Elasticsearch SAML integration while using HTTP-Redirect

SAML does not support mapping files.
Which part of the docs lead you to believe it did?

in this role mapping file
it shows how to uses the file-based method to map group to role, the user can be from Active Directory , so i think maybe the users who authenticate via SAML can also use it.

I have a question when i use role mapping API
if i have created a mapping role ,
curl -X PUT "https://X.X.X.X:9200/_xpack/security/role_mapping/" -H 'Content-Type: application/json' -d'
"roles": [ "superuser" ],
"enabled": true,
"rules": { "all": [
{ "field": { "realm.name": "saml3" } },
{ "field": { "metadate.saml(Email)": "Dengfeng.Nguyen@Honeywell.com" } }
] }
i want to add user to this mapping, or i want to remove user in this mapping, do you have related API?

HI Ikakavas
my configuration
attributes.principal: "Email"
attribute_patterns.principal: "^([^@]+)@Honeywell.com$"
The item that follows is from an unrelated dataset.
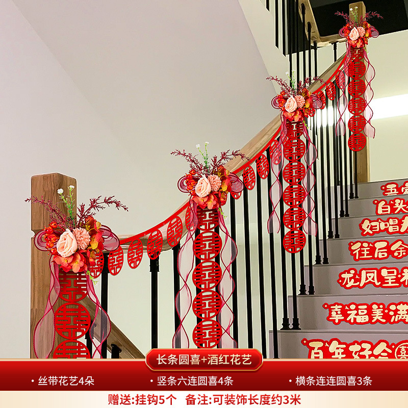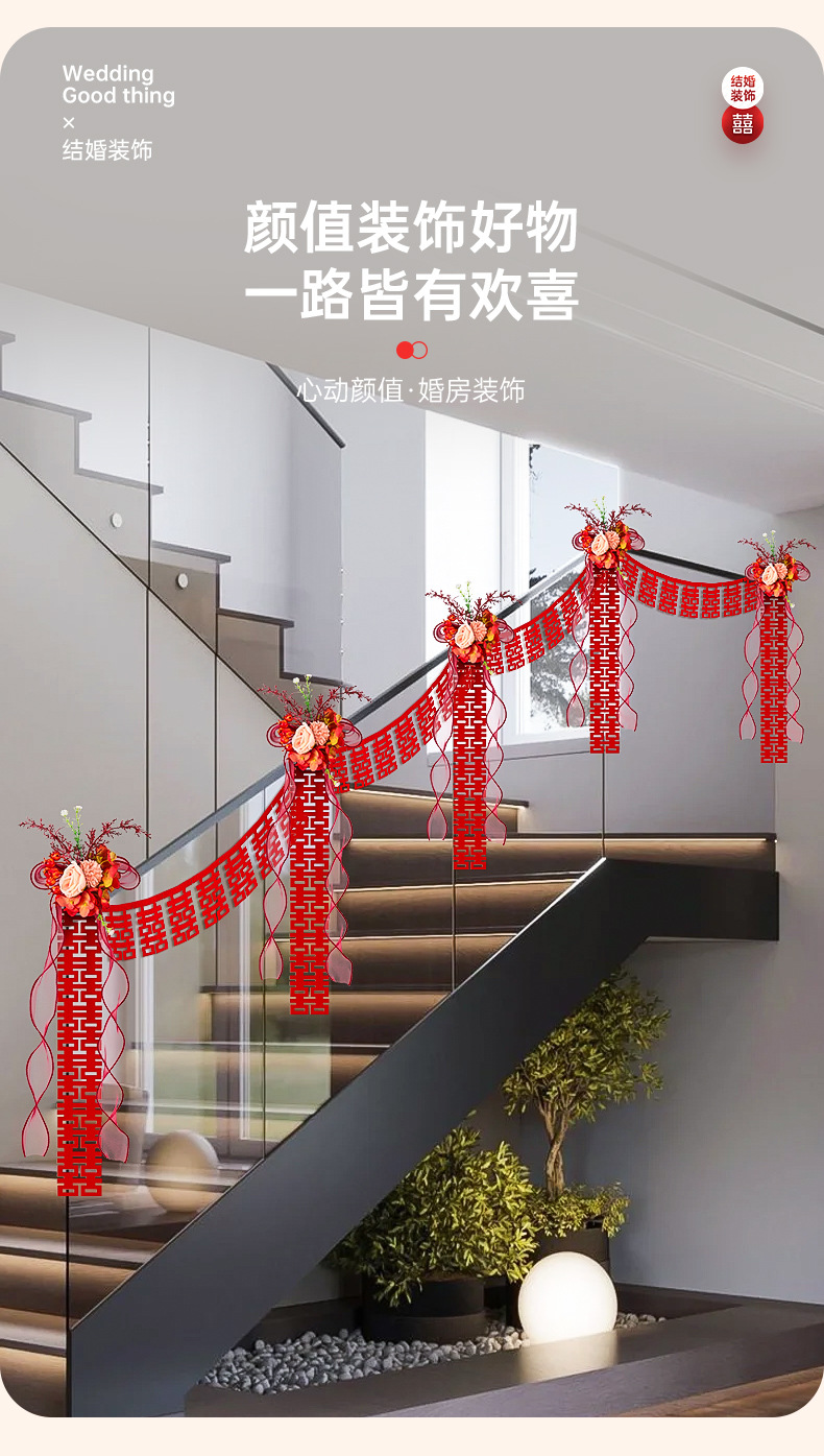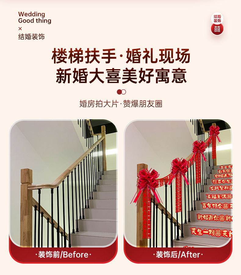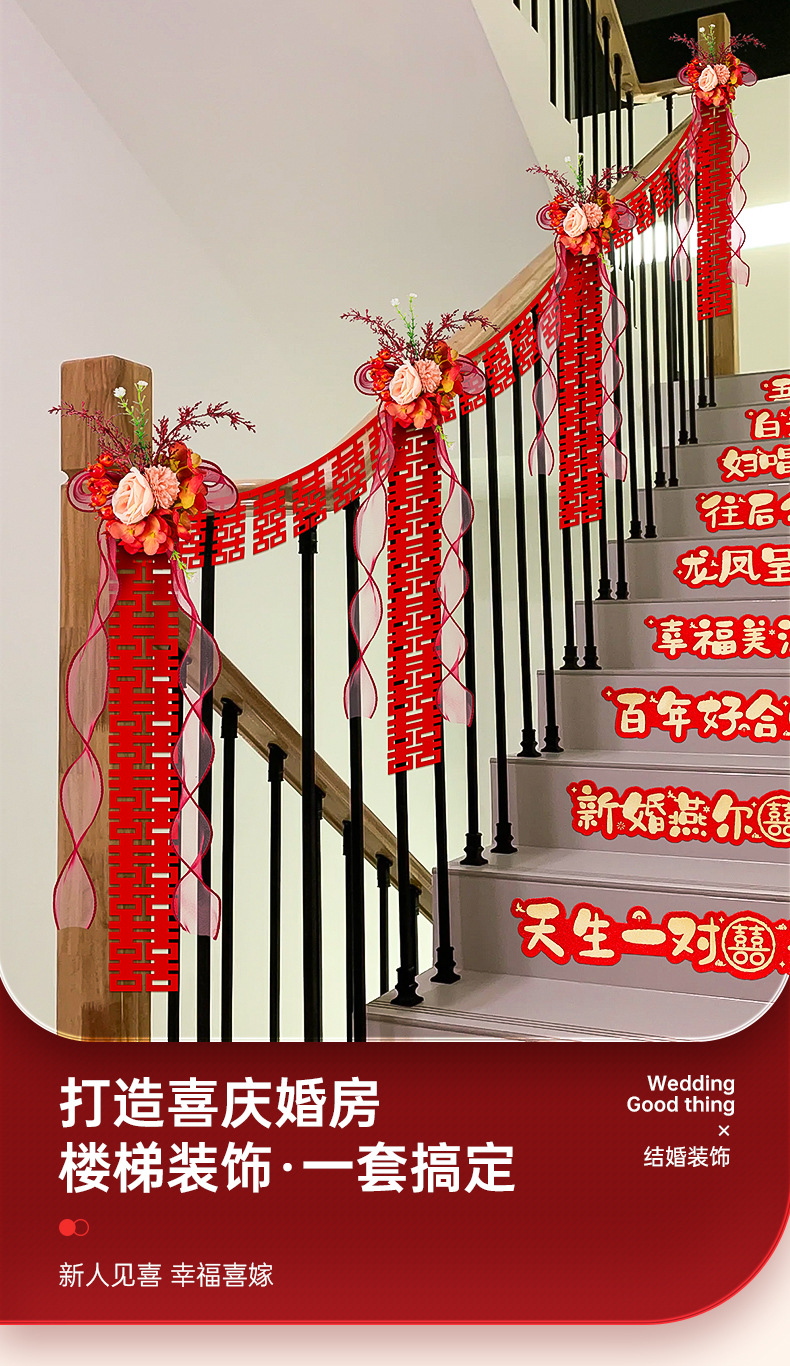 婚房楼梯布置 男方拉花波浪旗楼梯布置 结婚订婚婚礼楼梯扶手彩条结婚楼梯扶手装饰婚房布置套装男方新房婚礼喜字拉花婚庆用品大全

in my understanding i can extract username from email . if my email name is Dengfeng,Nguyen@Honeywell.com, so my username will be Dengfeng,Nguyen.

But when i try to get the user's information
curl -X GET "https://x.x.x.x:9200/_xpack/security/user/Dengfeng.Nguyen"
it just return {}
can you tell me how to get the user's information who authenticate via SAML

The Users API returns information about users in the Native realm. It will not show SAML users.
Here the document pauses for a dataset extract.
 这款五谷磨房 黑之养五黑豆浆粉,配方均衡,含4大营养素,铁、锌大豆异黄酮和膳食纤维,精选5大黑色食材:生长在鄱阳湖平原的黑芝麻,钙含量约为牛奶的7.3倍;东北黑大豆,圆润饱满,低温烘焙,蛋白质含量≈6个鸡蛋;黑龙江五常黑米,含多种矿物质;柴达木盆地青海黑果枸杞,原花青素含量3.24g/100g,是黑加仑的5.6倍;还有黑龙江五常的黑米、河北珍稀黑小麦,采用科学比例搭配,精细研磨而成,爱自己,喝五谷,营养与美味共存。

If you want to know which users are authenticating via SAML, then you need to use the audit log.

In addition to what Tim has mentioned, if you are authenticated yourself as the user of which you want to get the information, you can use the _authenticate API to get it.

HI ikakavas
I have some questions about group mapping.
from this role mapping we can mapping group to different role . i think if the SAML session contain one group message it will work very well.
1 Can you tell me the situation that SAML session contain multi-groups, does the ELK can parse the group info?
2 if the answer is yes, does the ELK just pick the group configured in role_mapping, and ignore others group message?
3 if one user both in group "user" and group “developer”, will he have the full permission of the both groups or just have one of groups' permission.

I believe the Role Mapping API docs cover everything you are asking:

Got it ,thank you

I have a problem when i logout the kibana, when i click the Logout, the kibana will reload, and than login the kibana again. that's mean i can not logout.
my configuration in elastic is
sp.acs: "https://sent2-kibana-dev.dsentience.net:443/api/security/v1/saml"
sp.logout: "https://sent2-kibana-dev.dsentience.net:443/logout"

Can you tell the situation that SAML session contain two groups
one is top grpup "cn=elastic_user,ou=internal,o=Honeywell"
another is subgroup "cn=GroupAdministrator,cn=elastic_user,ou=internal,o=Honeywell"

if i only map subgroup to a role, the user in the subgroup have no permission related to the role.

Multiple groups should work fine.
You'll need to look at the logs and try and see what's going wrong for you.

Is there sub group concept in ELK?
if we need map one group to one role. we just need call the api below no matter the group is top group or sub group.
curl -X PUT "https://x.x.x.x:9200/_xpack/security/role_mapping/mapping" -H 'Content-Type: application/json' -d'
"roles": [ "kibana_user", "machine_learning_user" ],
"enabled": true,
"rules": { "all": [
{ "field": { "realm.name": "saml3" } },
{ "field": { "metadata.saml(Group)": "cn=elastic_user,ou=internal,o=honeywell" } }
] }

What does sub-group mean to you?
We take the groups in the SAML assertion, and pass it through role-mapping. If the group is listed in the assertion, it should work.

for example
top group is "cn=elastic_user,ou=internal,o=Honeywell".
the subgroup "cn=GroupAdministrator,cn=elastic_user,ou=internal,o=Honeywell", and this group is part of the top group.


Can you give me some advice about logging out the kibana, when i click the Logout, the kibana will reload, and than login the kibana again. that's mean i can not logout.
my configuration in elastic is
sp.acs: "https://sent2-kibana-dev.dsentience.net:443/api/security/v1/saml"
sp.logout: "https://sent2-kibana-dev.dsentience.net:443/logout"

i have checked the matadate file provided by IDP, but i can not find any information about SingleLogoutService, is that mean the idp do not support single logout?

another question is can i just logout without single logout? if i can , how to configure the ELK?

i got the answer from here
thank you

I have some question about Session Control and Timeout
1 Does the ELK will limit the number of active concurrent sessions that are allowed for each account as appropriate.

2 the idp team provide me one Logout URL, i want to goto this URL when i click the logout, can you tell how to configure it?

This topic was automatically closed 28 days after the last reply. New replies are no longer allowed.